Criminal offence and civil penalties will apply in relation to non-compliance with—or knowledge of, and intentional circumvention of—the new requirements that we are discussing. The penalties are the same as those that the enforcement authorities and courts have in respect of non-compliance under the money laundering regulations 2007—fines, imprisonment for a maximum of two years and so on. The Americans clearly take breaches very seriously, as is shown by the scale of the fines they have imposed, so my question to the Minister is: can he reassure the House that the UK will take a similarly robust approach, with penalties on a scale that reflects the seriousness of the offence, both to prevent breaches of the rules and to punish appropriately those who breach them?

My third question for the Minister relates to the explanatory memorandum, which makes it clear that a licence for exemptions from this order can be granted by the Minister on a case-by-case basis. The impact assessment states that

“it is unlikely we will license significant further exemptions for businesses as this would risk undermining the purpose of the measure”.

That is self-explanatory. We recognise that exemptions are not likely to take place on a significant scale, but will the Minister set out in what circumstances exemptions might be made to those restrictions?

My fourth question relates to the fact that the order has a time limit of a year and, under paragraph 38 of schedule 7 to the Counter-Terrorism Act 2008, the Treasury will be obliged to report every year on the exercise of its functions under that schedule. The Minister has said, as does the explanatory memorandum, that the order will be kept under review, but given the fast-moving developments and narrow time scales involved in the situation with Iran, will he commit to reporting to this House before the annual deadline if circumstances change—for instance, if negotiations on the nuclear programme were to improve or worsen? We hope that the latter would not be the case.

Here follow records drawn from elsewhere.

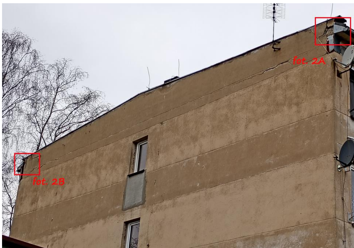
Fot. 2. Chetmek ul. Żeromskiego 1 – budynek mieszkalny wielorodzinny elewacja południowa. Oznaczono szczeliny będące potencjalnymi miejscami lęgowymi dla jerzyków Apus apus .
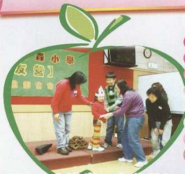
大家合作演出，十分投入
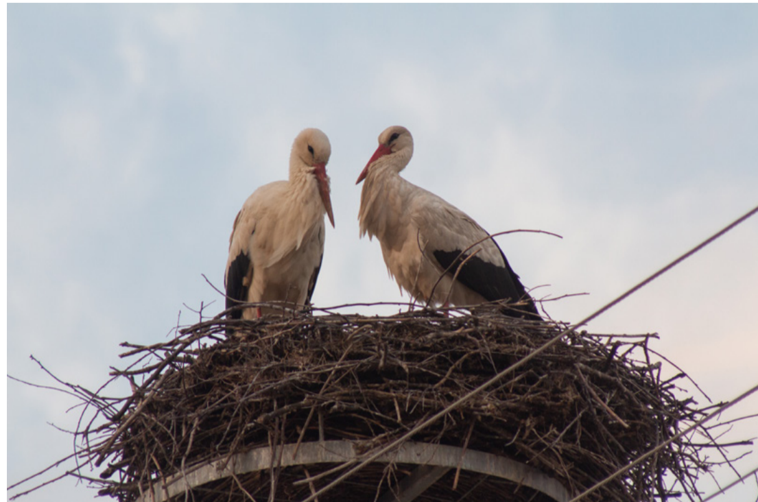
A rendeki gólyapár a rendbehozott fészükben

Tavalyelőtt az E-ON szakemberei távtartót raktak a villanyoszlopra, mert nem a kijelölt biztonságos helyre kezdték az építkezést hanem közvetlenül a magasfeszültség fölé. A fészük építgetése a költés ideje alatt sem szünetel. A 0,8-1 m átmérőjű fészük vastagabb, majd vékonyabb ágakból rakják, csészéjét gyepcsomóval, szénával, szalmával és különféle hulladékokkal bélelik. A fészükanyag gyűjtésében a hím az aktívabb. Az évenként tovább épülő fészük súlya a több száz kilogrammot is elérheti. Idén a hím gólyának nem volt sok ideje csinosítani a közös otthont, mert a tojó két nap eltéréssel követte őt.
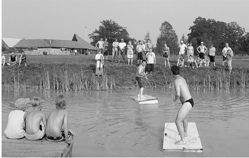
Cīņas uz ūdens.
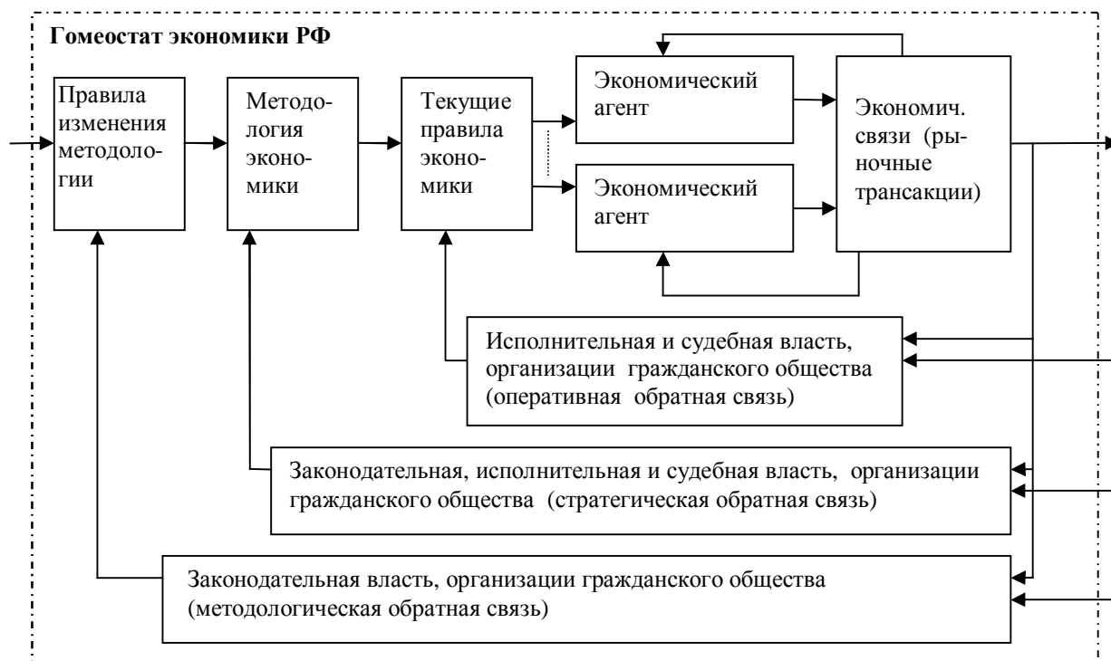
Рис. 2. Конфигуратор российской экономики как самоорганизующейся системы гомеостатического типа

К государственным органам этого уровня относятся исполнительные и судебные органы власти, которые должны контролировать выполнение текущих правил экономическими агентами и наказывать нарушителей.
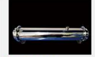
型号 : MAX-C-M36 尺寸 Size : Ø102×610mm 流量 Flow : 15L/min 工作压力 Working pressure : 0.1-0.4MPa Customizable size
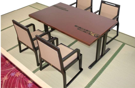
椅子GRANDシリーズ参照
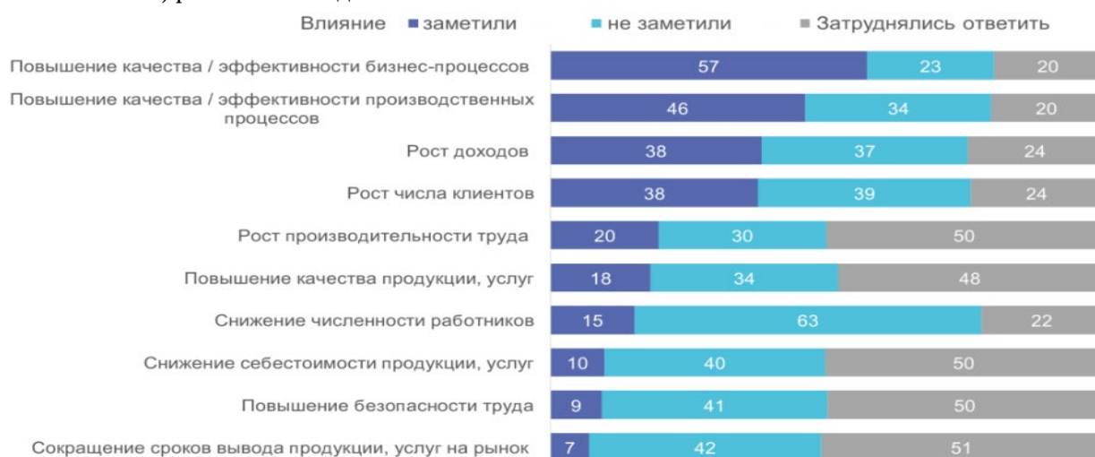
Рис. 3. Оценка результатов внедрения и использования технологий искусственного интеллекта в организации: 2024 (в % от числа организаций, использующих технологии ИИ) [7]

Технологии искусственного интеллекта в России применяются преимущественно в операционных бизнес-процессах: маркетинге и продажах (52%), производстве и оказании услуг (51%), управлении персоналом (51%). При этом в стратегически важных и сложных областях, таких как управление организацией, обеспечение безопасности и логистика, уровень внедрения ИИ остаётся низким (15–23%). Это указывает на то, что российский бизнес находится на начальном этапе цифровой трансформации, используя ИИ преимущественно для решения тактических задач с быстрой окупаемостью, тогда как потенциал технологий для стратегического управления и оптимизации комплексных процессов (включая управление денежными потоками) реализован недостаточно.
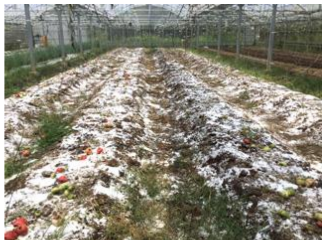
写真 1 は、EM 研究機構のサンシャインファームで、 土壌消毒、雑草抑制、土壌改良のため、10a 当り 2トンの塩を撒いた状況です。雪が積もっているよう にも見えますが、その後は、EM 活性液と灌水を行い、 EC が基準値の 2 倍くらいに調整した後に植付けしま ず。

Lastly, will the Minister make it clear to the House, and leave no doubt about the message we are sending today to the people of Iran and to the international community more widely, that despite attacks on our channels of diplomacy with assaults on our embassy, we will not be deterred from actively and creatively pursuing all diplomatic options at our disposal to ensure that Iran upholds its responsibilities and obligations under international law? There is a widespread hope that diplomacy must prevail. We, and other nations around the globe, cannot afford to be complacent. The Opposition welcome this measure from the Treasury and hope that, with the Foreign Office, it will, as my right hon. Friend the Member for Blackburn (Mr Straw)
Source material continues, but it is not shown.